American astronomer (1925–2008)

Robert Jastrow (September 7, 1925 – February 8, 2008) was an American astronomer and planetary physicist. He was a NASA scientist, populist author and futurist.

== Education ==

Jastrow attended Townsend Harris High School. He also attended the summer program at Camp Rising Sun. He entered Columbia University for his undergraduate and graduate college, where he earned the BA, MA (1945), and PhD (1948) degrees in physics.

==Career ==

After leaving Columbia, Jastrow became an assistant professor at Yale, and then joined the Naval Research Laboratory. In 1958, he joined the newly formed National Aeronautics and Space Administration as head of its theoretical division. In 1961, he became the founding director of NASA's Goddard Institute for Space Studies and served as its director until his retirement from NASA in 1981. Concurrently, he was a professor of Geophysics at Columbia University.

Jastrow was the first chairman of NASA’s Lunar Exploration Committee, which established the scientific goals for the exploration of the Moon during the Apollo lunar landings.
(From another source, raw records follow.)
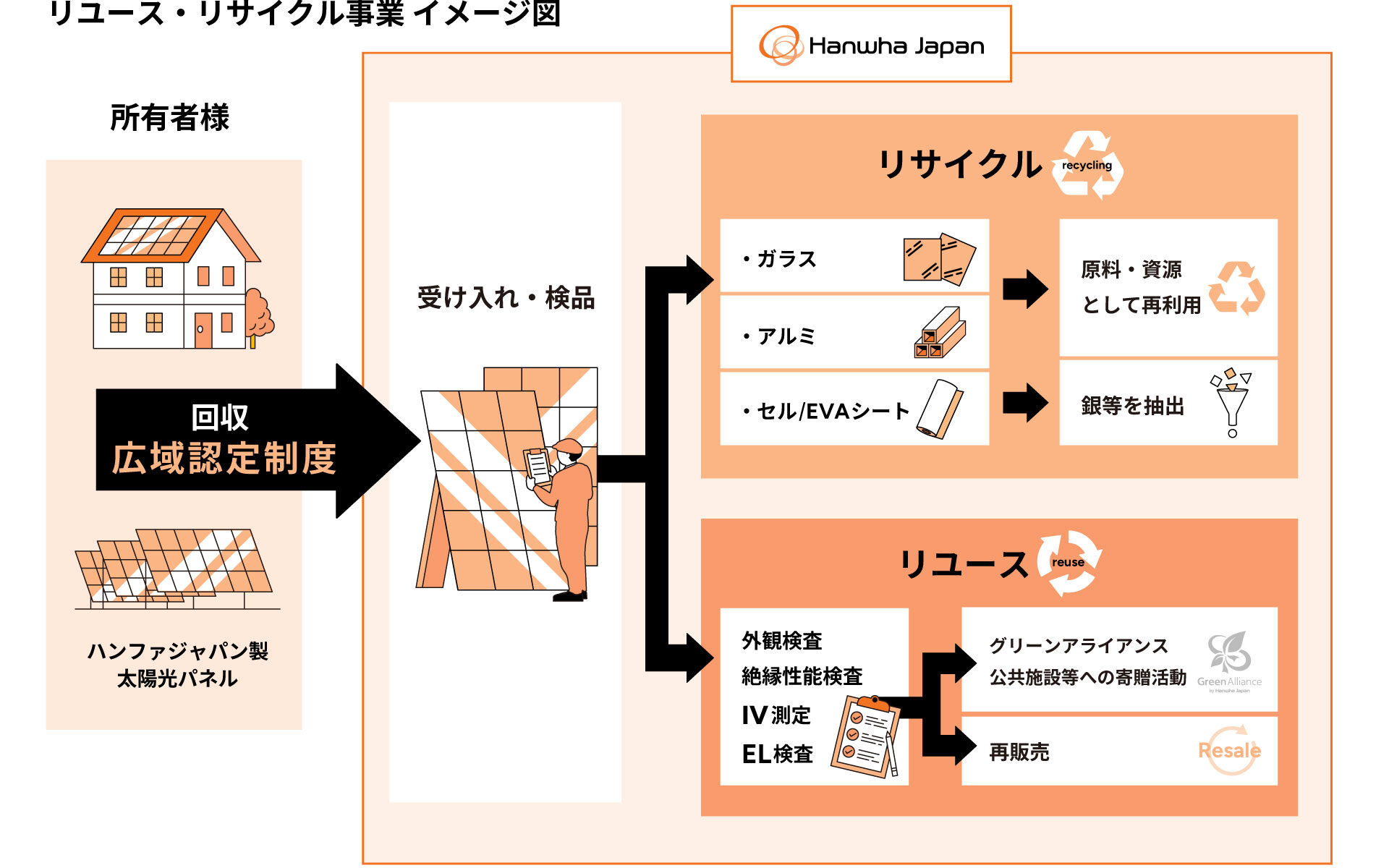 このたびの太陽光パネルのリユース・リサイクル事業は、太陽光パネルメーカーの広域認定制度※³を活用し、ハンファジャパン製の使用済み太陽光パネルの回収から適正処理までを一貫して行うサービスを提供予定です。本制度に基づきメーカーが一括で取りまとめることで、ご購入者の皆様は個別に収集業者やリサイクル業者を探す手間が省け、不法投棄などのリスクを回避し、安心して回収処分をお任せいただけます。また、全国的なネットワークを構築することにより、効率的な回収・処理体制を実現し、コスト削減にも繋がります。
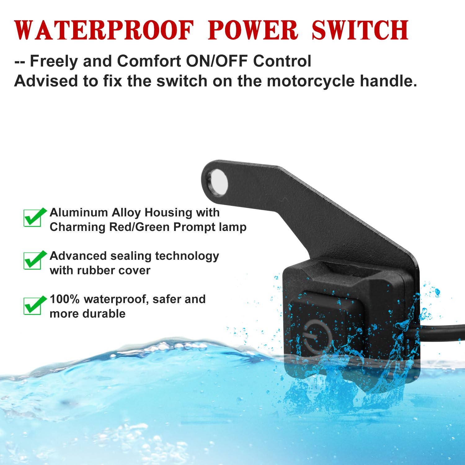 Komplett mit 20A Relais, optionaler 10A/15A Sicherung und wasserdichtem Ein/Aus-Schalter. 100% regendicht durch Gummiabdeckung und Aluminiumgehäuse.
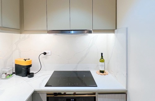 A luxury condo unit with a modern contemporary interior, fully furnished to European standards.
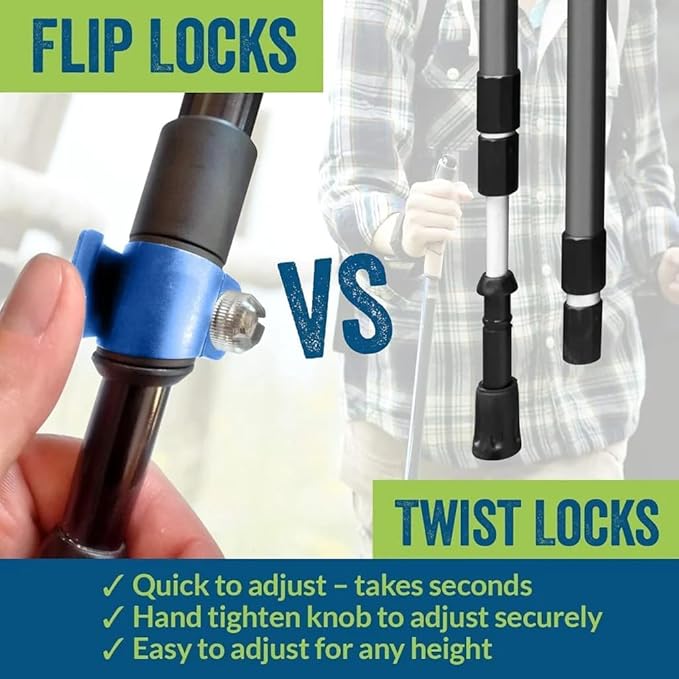 - ADJUSTABLE & ERGONOMIC: Poles adjust from 32"-54" using a new and exclusive flip lock mechanism (better than twist locks or jarring button locks), assisting with active walkers, hikers and physical therapy. Adjusts to any height from children and adults up to 6'2 with a max weight support of 230 lbs. Perfect for seniors you can go poling on beaches, trails, woods, or urban streets
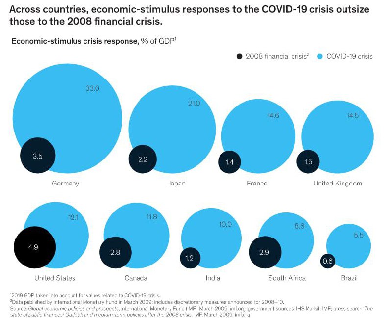 👩🎨 McKinsey ещё в июне подготовили очень симпатичную инфографику, которая сравнивает объём стимулирующих мер в 2019-2020 с антикризисными пакетами тех же стран в 2008-2009.
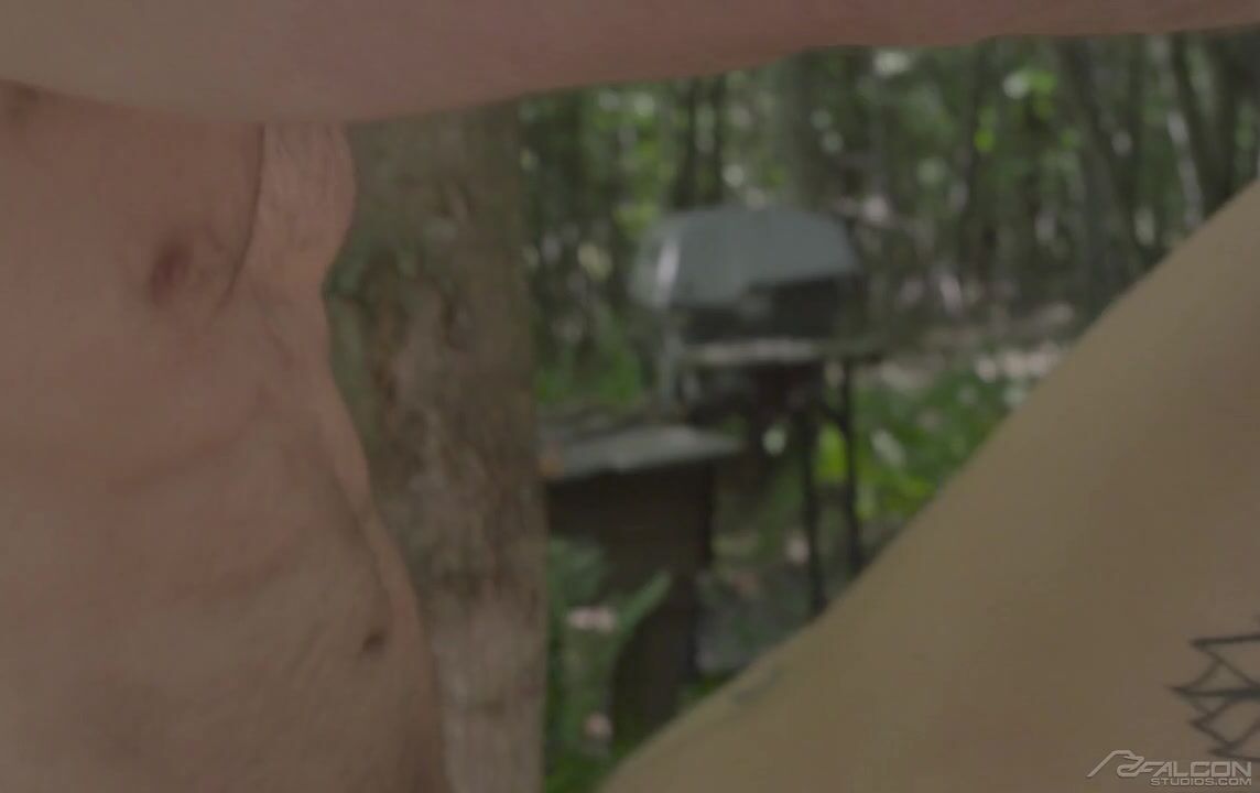 Jeremy London and Thyle Knoxx are walking through the woods when they stumble upon Gabriel Clark working shirtless in his barn. After showing them around, Gabriel gets a saw and leaves the couple in the barn. Thyle goes inside and grabs Jeremy's hard-on. Gabriel notices them having sex through a crack in the barn wall and pulls out his dick while he watches. Jeremy and Thyle know they are being watched, so Thyle starts sucking on Jeremy's dick while their new friend watches. Thyle is hungry for dick and invites Gabriel to join them so he can suck on both dicks. Soon, Gabriel is kneeling down eating Jeremy's crotch while Thyle sucks his dick. Thyle is horny and invites Gabriel to join them so they can all taste each other's dicks. All three take turns licking each other's dicks before Thyle slides his meat into Jeremy's butt raw. While Thyle kisses Jeremy, Gabriel comes up behind the train of kisses and inserts his dick into Thyle's ass. It's a frenzy of horseplay and oral sex in the woods that ends with Gabriel taking two loads on his mouth before spitting his own semen onto the forest floor.
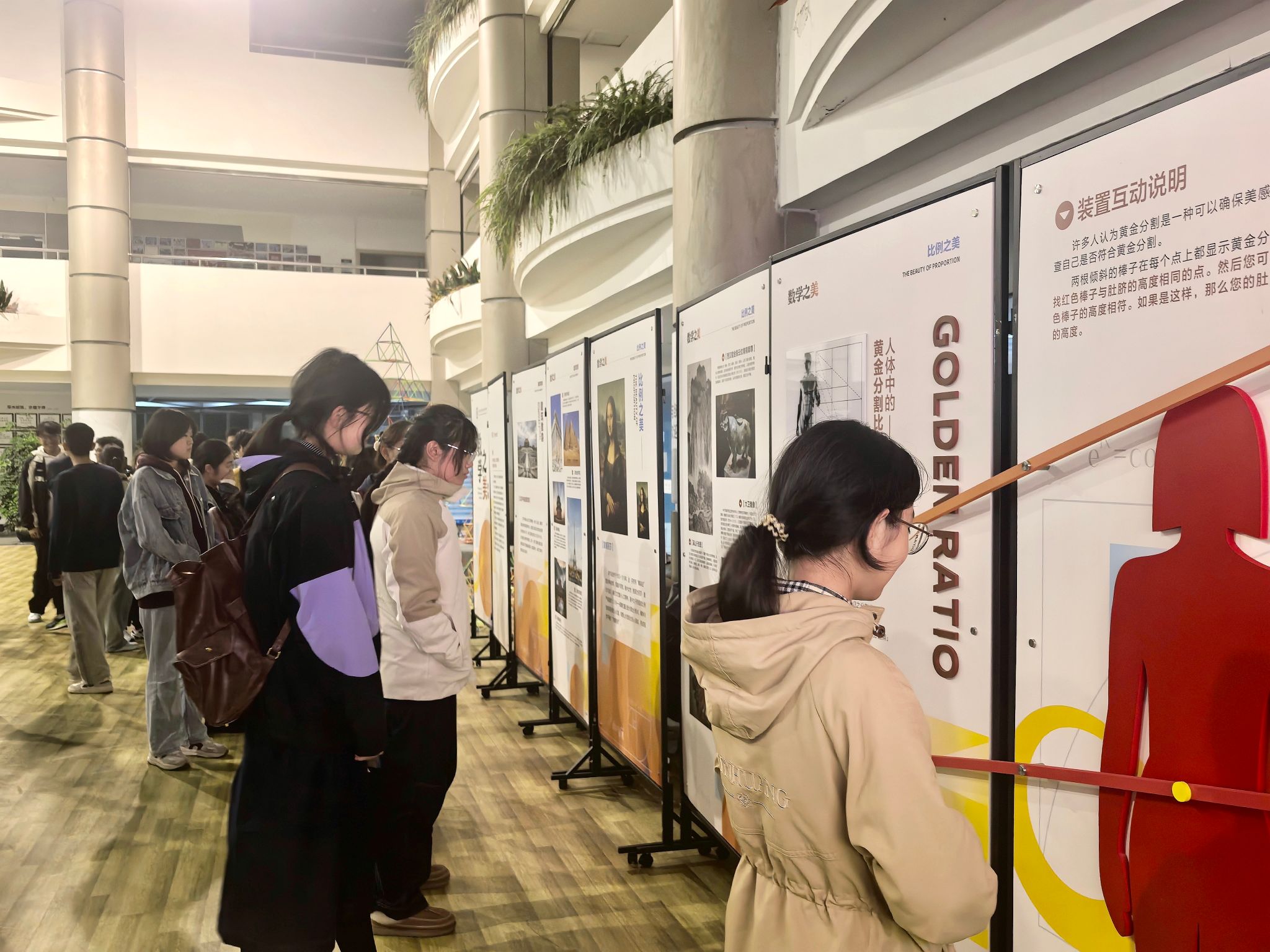 精心策划的“数学之美特展”精彩亮相。展览以“以数启美,以文化人”为主题,通过图文展板、实物模型与互动游戏相结合的形式,将抽象的数学知识转化为直观的美学体验,吸引了校内外师生、校友及市民驻足参观,成为建校纪念周系列活动的一大亮点。

Jastrow was a public figure, prolific author and commentator on a range of topics including the space program, astronomy, earth science, and national security issues. He lectured on CBS and NBC, and his book, Red Giants and White Dwarfs: The Evolution of Stars. was a bestseller

In 1981, Jastrow left NASA to join the faculty of Dartmouth College as professor of Earth Sciences. He left Dartmouth in 1992 to take up duties as director and chairman of the Mount Wilson Institute, managing the Mount Wilson Observatory in California. Jastrow was a member of the NASA Alumni Association. In 1984, Jastrow, together with Fred Seitz and William Nierenberg, founded the George C. Marshall Institute, an organization that assessed scientific issues affecting public policy in Washington, DC. The institute supported U. S. President Ronald Reagan's Strategic Defense Initiative ("Star Wars"), for example in Jastrow's 1985 "How to Make Nuclear Weapons Obsolete". He also became a prominent climate change denier. The George C. Marshall Institute opposed the scientific consensus on anthropogenic global warming. Jastrow acknowledged that Earth was experiencing a warming trend but claimed that the cause was likely to be natural variation.
Jastrow served as Chairman Emeritus of the George C. Marshall Institute until his death.

== Religious views ==

In an interview with Christianity Today, Jastrow said "Astronomers now find they have painted themselves into a corner because they have proven, by their own methods, that the world began abruptly in an act of creation to which you can trace the seeds of every star, every planet, every living thing in this cosmos and on the earth. And they have found that all this happened as a product of forces they cannot hope to discover. That there are what I or anyone would call supernatural forces at work is now, I think, a scientifically proven fact."

In his book, God and The Astronomers he illustrated his position as: “For the scientist who has lived by his faith in the power of reason, the story ends like a bad dream. He has scaled the mountains of ignorance, he is about to conquer the highest peak; as he pulls himself over the final rock, he is greeted by a band of theologians who have been sitting there for centuries.”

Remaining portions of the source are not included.